The Castles of Scotland by Martin Coventry | Goblinshead | A comprehensive guide to 4,100 castles, towers, historic houses, stately homes and family lands
The Castles of Scotland by Martin Coventry | Goblinshead | A comprehensive guide to 4,100 castles, towers, historic houses, stately homes and family lands
The ‘Bible of Scottish Castles’…now available!
The ‘Bible of Scottish Castles’…now available! 

Drumcoltran Tower

Galloway: About 5 miles north and east of Dalbeattie, on minor roads north of A711, about 0.25 miles north of Kirkgunzeon Lane, among farm buildings, at Drumcoltran Tower.

 

HES   NX 869683   OS: 84   DG2 8LF

 

OPEN: Access at all reasonable times.
Web: www.historicenvironment.scot

Drumcoltran Tower is a well-preserved old tower house among farm buildings of the Maxwells, near Dalbeattie in Dumfries and Galloway in southwest Scxotland. Drumcoltran Tower (MacGibbon and Ross)

Drumcoltran Castle is a 16th-century L-plan tower house, which is in the midst of farm buildings.
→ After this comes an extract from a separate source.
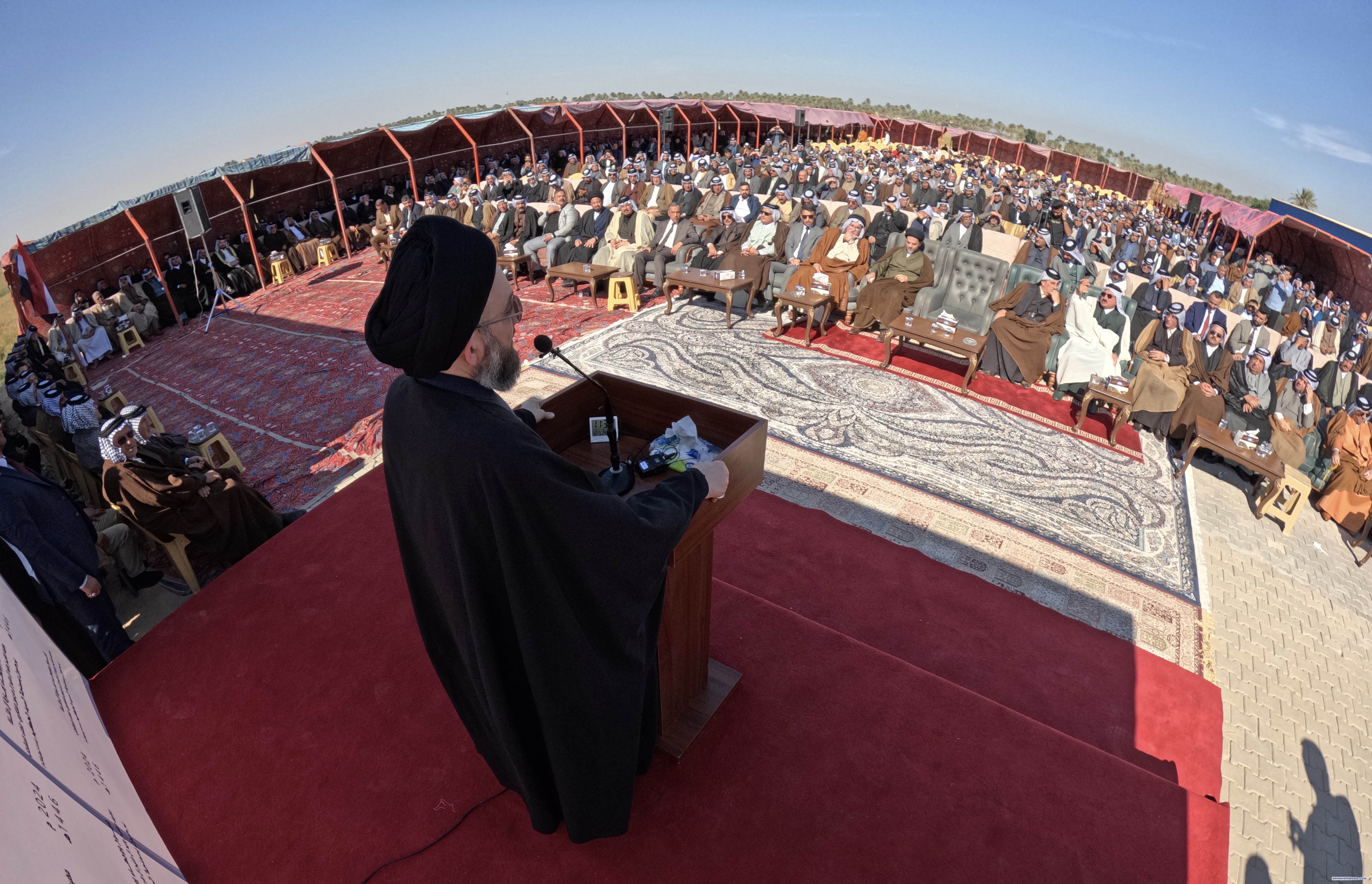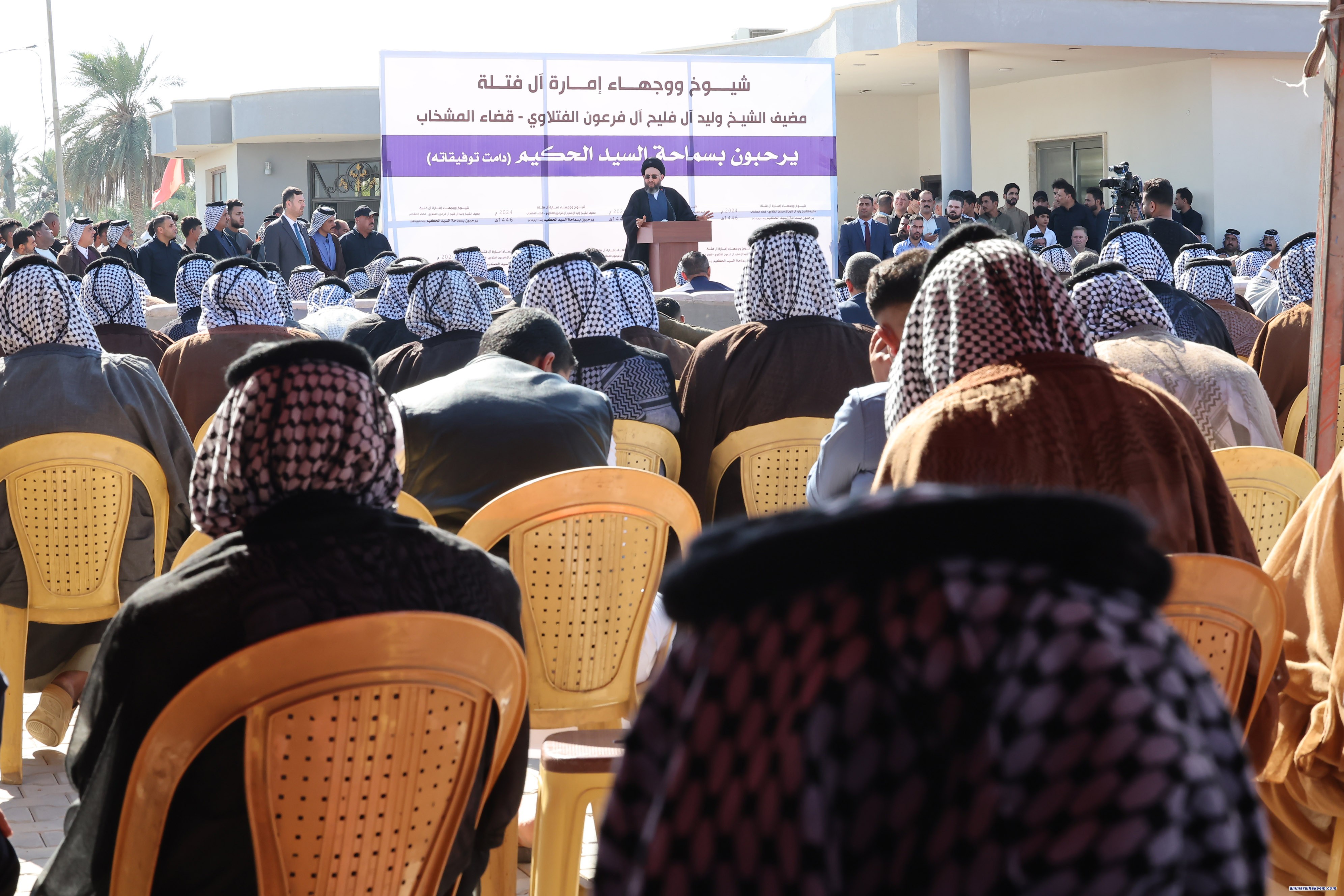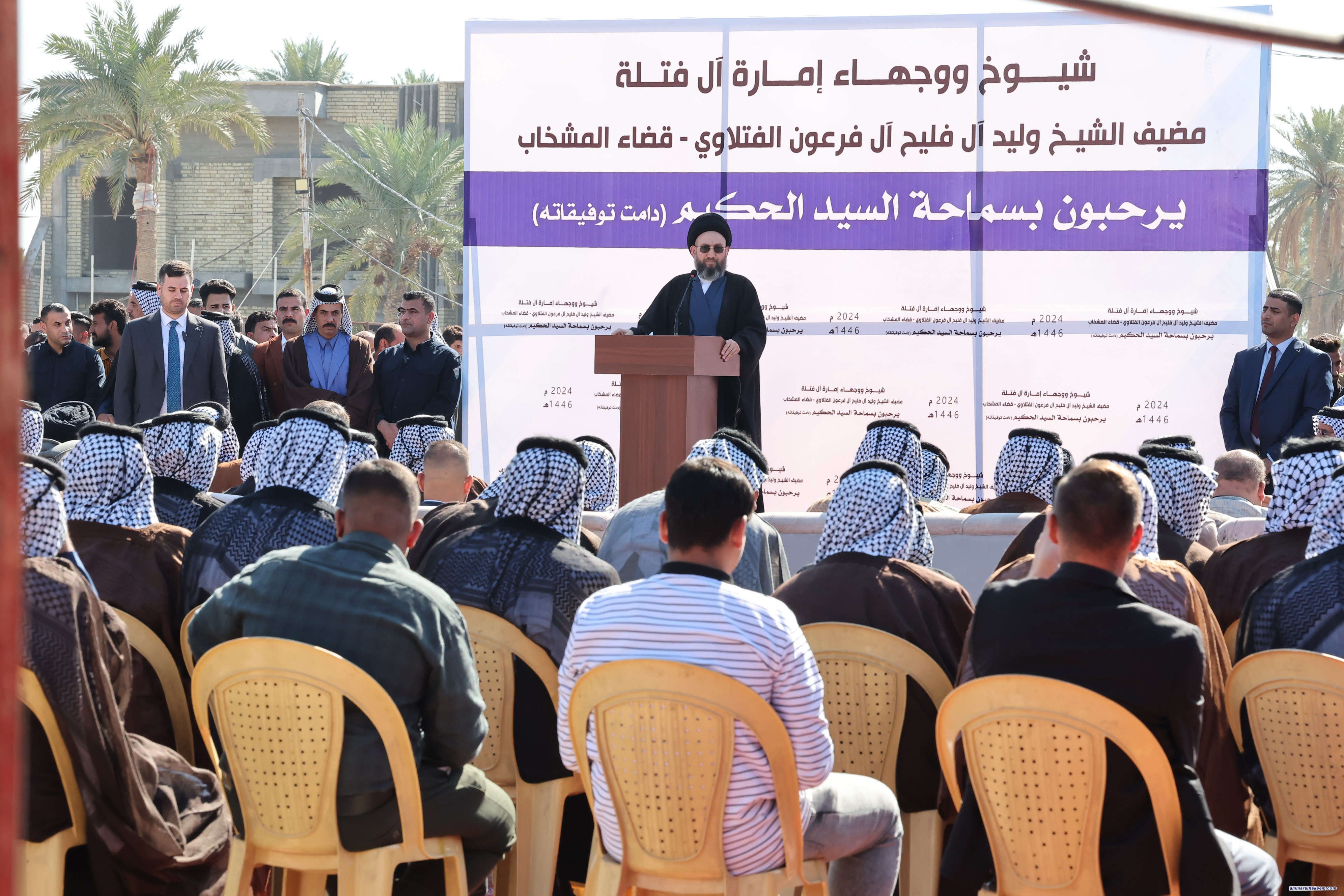 السيد الحكيم يلتقي جمعا من شيوخ ووجهاء إمارة آل فتلة، في ضيافة الشيخ وليد آل فليح آل فرعون الفتلاوي.

It consists of a main block of three storeys and a garret, within a corbelled-out parapet and rounded corners, and a slightly later stair-tower with no parapet, rising a storey higher to be crowned by a watch-chamber. The tower is roofed but does not have internal flooring.
  The inscription above the front entrance is translated as: ‘Keep hidden what is secret; speak little; be truthful; avoid wine; remember death; be merciful.’
  The basement is vaulted and housed the kitchen, the hall was on the first floor, and there were private chambers above.
  ‘Drumcauran’ is marked prominently on Blaeu’s map of Kirkcudbright. The farmhouse, which dates from the 18th century, formerly had a passage to the tower.
  This was a property of the Herries of Terregles family, but passed by marriage to the Maxwells of Caerlaverock in 1548 when Edward Maxwell of Drumcoltran is mentioned, when he married Agnes Herries, heiress to the property. John Maxwell of Drumcoltran is on record in 1644.
  The property was sold to the Irvings in 1669 and John Irving of Drumcoltran is mentioned in 1704, then to the Hynds in 1799, then to the Herons, and then back to the Maxwells in 1875. The tower was occupied until the 1890s, although by then it was being used to house farm labourers, and then as a store.